Although technically there should no longer be any need for old-style services, the Apache OpenOffice API still uses them extensively to remain backwards compatible. Therefore, be prepared to encounter uses of both service concepts in parallel when working with the Apache OpenOffice API.

A new-style service is of the form

  module com { module sun { module star { module bridge {   
      service UnoUrlResolver: XUnoUrlResolver;
  }; }; }; };

and specifies that objects that support a certain interface (for example, com.sun.star.bridge.XUnoUrlResolver) will be available under a certain service name (e.g., "com.sun.star.bridge.UnoUrlResolver") at a component context’s service manager. (Formally, new-style services are called “single-interface–based services.”)

The various UNO language bindings offer special constructs to easily obtain instances of such new-style services, given a suitable component context; see Java Language Binding and C++ Language Binding.

An old-style service (formally called an “accumulation-based service”) is of the form

  module com { module sun { module star { module frame { service Desktop {
      service Frame;
      interface XDesktop;
      interface XComponentLoader;
      interface com::sun::star::document::XEventBroadcaster;
  }; }; }; };

and is used to specify any of the following:

  • The general contract is that, if an object is documented to support a certain old-style service, then you can expect that object to support all interfaces exported by the service itself and any inherited services. For example, the method queryFrames returns a sequence of objects that should all support the old-style service com.sun.star.frame.Frame, and thus all the interfaces exported by Frame.
  • Additionally, an old-style service may specify one or more properties, as in
  module com { module sun { module star { module frame { service Frame {   
      interface com::sun::star::frame::XFrame;
      interface com::sun::star::frame::XDispatchProvider;
      // ...
      [property] string Title;
      [property, optional] XDispatchRecorderSupplier RecorderSupplier;
      // ...
  }; }; }; };
Properties, which are explained in detail in the following section, are similar to interface attributes, in that they describe additional features of an object. The main difference is that interface attributes can be accessed directly, while the properties of an old-style service are typically accessed via generic interfaces like com.sun.star.beans.XPropertySet. Often, interface attributes are used to represent integral features of an object, while properties represent additional, more volatile features.
  • Some old-style services are intended to be available at a component context’s service manager.
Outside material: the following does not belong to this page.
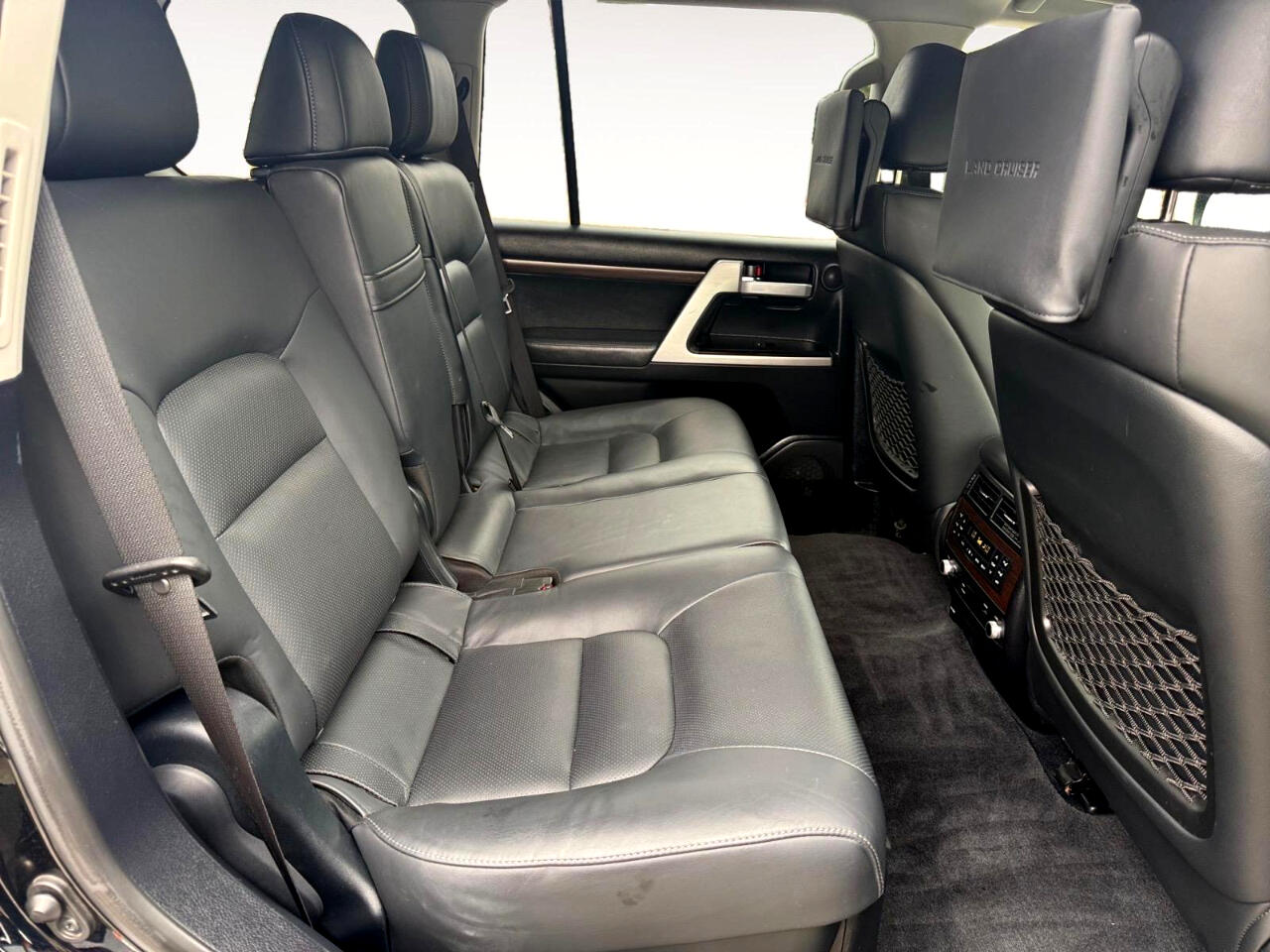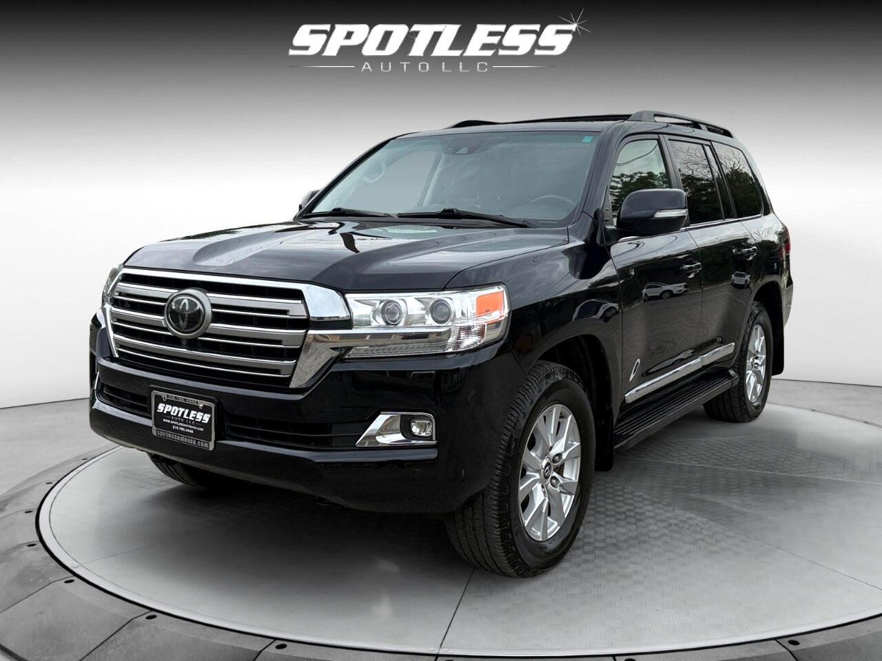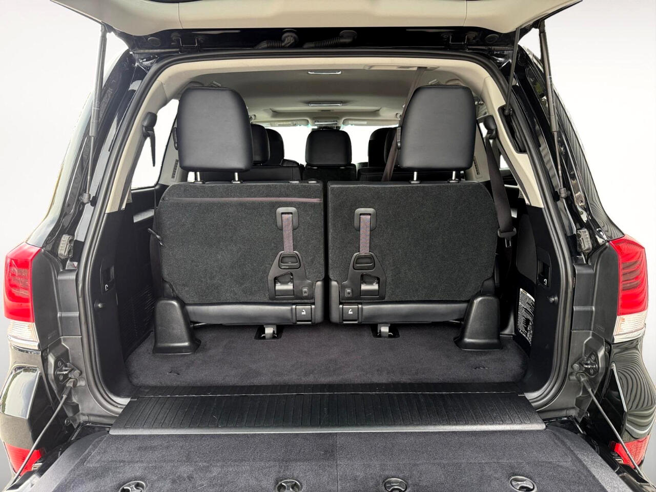 Black 2018 Toyota Land Cruiser 4WD 8-Speed Automatic (ECT-i) 5.7L V8 DOHC Dual VVT-i 32V Leather. Awards: * 2018 KBB.com Best Resale Value Awards * 2018 KBB.com 10 Most Awarded Brands Leather, 14 Speakers, 3.307 Axle Ratio, 3rd row seats: split-bench, 4-Wheel Disc Brakes, ABS brakes, Air Conditioning, Alloy wheels, AM/FM radio: SiriusXM, Anti-whiplash front head restraints, Auto High-beam Headlights, Auto tilt-away steering wheel, Auto-dimming door mirrors, Auto-dimming Rear-View mirror, Automatic temperature control, Bodyside moldings, Brake assist, Bumpers: body-color, CD player, Compass, Delay-off headlights, Driver door bin, Driver vanity mirror, Dual front impact airbags, Dual front side impact airbags, DVD-Audio, Electronic Stability Control, Emergency communication system: Safety Connect, Exterior Parking Camera Rear, Front anti-roll bar, Front Bucket Seats, Front Center Armrest w/Storage, Front dual zone A/C, Front fog lights, Front reading lights, Front wheel independent suspension, Fully automatic headlights, Garage door transmitter: HomeLink, Headlight cleaning, Heated door mirrors, Heated front seats, Heated rear seats, Heated steering wheel, Illuminated entry, Knee airbag, Leather steering wheel, Low tire pressure warning, Memory seat, Multi-Stage Heated and Ventilated Front Seats, Navigation System, Occupant sensing airbag, Outside temperature display, Overhead airbag, Overhead console, Panic alarm, Passenger door bin, Passenger vanity mirror, Power door mirrors, Power driver seat, Power moonroof, Power passenger seat, Power steering, Power windows, Radio data system, Radio: Entune Premium w/JBL Audio & Navigation, Rain sensing wipers, Rear air conditioning, Rear anti-roll bar, Rear dual zone A/C, Rear reading lights, Rear seat center armrest, Rear side impact airbag, Rear window defroster, Rear window wiper, Reclining 3rd row seat, Remote keyless entry, Roof rack, Security system, Semi-Aniline Perforated Leather-Trimmed Seating, Speed control, Speed-sensing steering, Speed-Sensitive Wipers, Split folding rear seat, Spoiler, Steering wheel memory, Steering wheel mounted audio controls, Tachometer, Telescoping steering wheel, Tilt steering wheel, Traction control, Trip computer, Turn signal indicator mirrors, Variably intermittent wipers, Ventilated front seats, Voltmeter, and Wheels: 18" Split-Spoke Alloy.

For example, the service com.sun.star.frame.Desktop can be instantiated at a component context’s service manager under its service name "com.sun.star.frame.Desktop". (The problem is that you cannot tell whether a given old-style service is intended to be available at a component context; using a new-style service instead makes that intent explicit.)
  • Yet other old-style services only list properties, and do not export any interfaces at all. Instead of specifying the interfaces supported by certain objects, as the other kinds of old-style services do, such services are used to document a set of related properties. For example, the service com.sun.star.document.MediaDescriptor lists all the properties that can be passed to loadComponentFromURL.
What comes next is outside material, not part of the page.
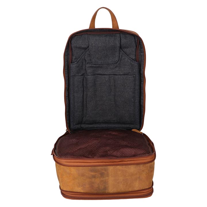Mooie echt leren underseater rugzak van The Rat Pack by Orange Fire. De tas is gemaakt van hoogwaardige kwaliteit leer, het leer is stevig en heeft een vintage look. De rugzak voldoet aan de IATA richtlijn, dus u kunt de rugzak gebruiken als handbagage. Door het compacte formaat van deze underseater rugzak, mag je de rugzak onder de stoel in het vliegtuig plaatsen. De schouderbanden van de rugzak zijn verstelbaar, doordat de schouderbanden verstelbaar zijn kunt u de tas altijd op de gewenste lengte dragen.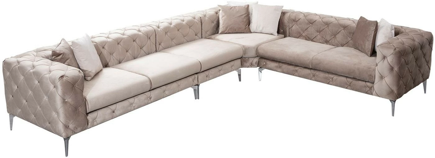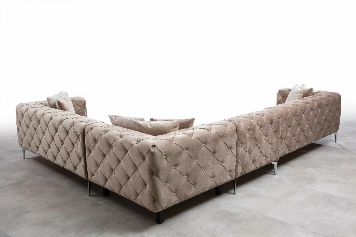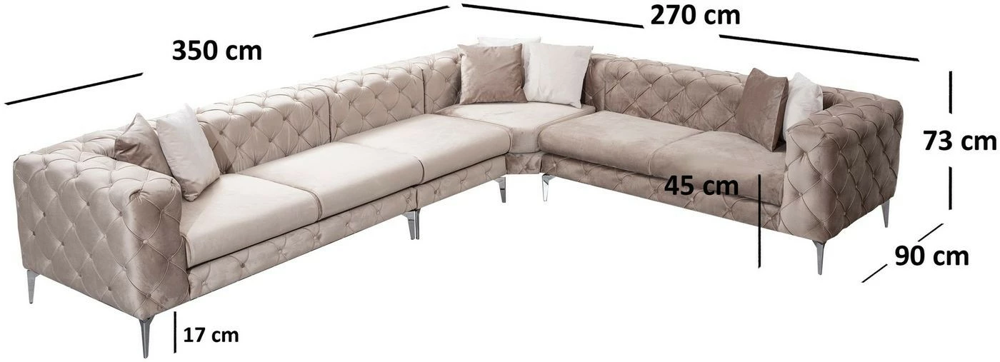 Como-sohvassa on ylellinen tekstiiliverhoilu ja mattamustat metallijalat. Oikeakätisen sohvan lyhyempi osa on edestäpäin katsottuna oikealla puolella. Mukana toimitetaan kaksi koristetyynyä.

A property is a feature of an object which is typically not considered an integral or structural part of the object and therefore is handled through generic getPropertyValue()/setPropertyValue() methods instead of specialized get methods, such as getPrinter(). Old-style services offer a special syntax to list all the properties of an object. An object containing properties only has to support the com.sun.star.beans.XPropertySet interface to be prepared to handle all kinds of properties. Typical examples are properties for character or paragraph formatting. With properties, you can set multiple features of an object through a single call to setPropertyValues(), which greatly improves the remote performance. For instance, paragraphs support the setPropertyValues() method through their com.sun.star.beans.XMultiPropertySet interface.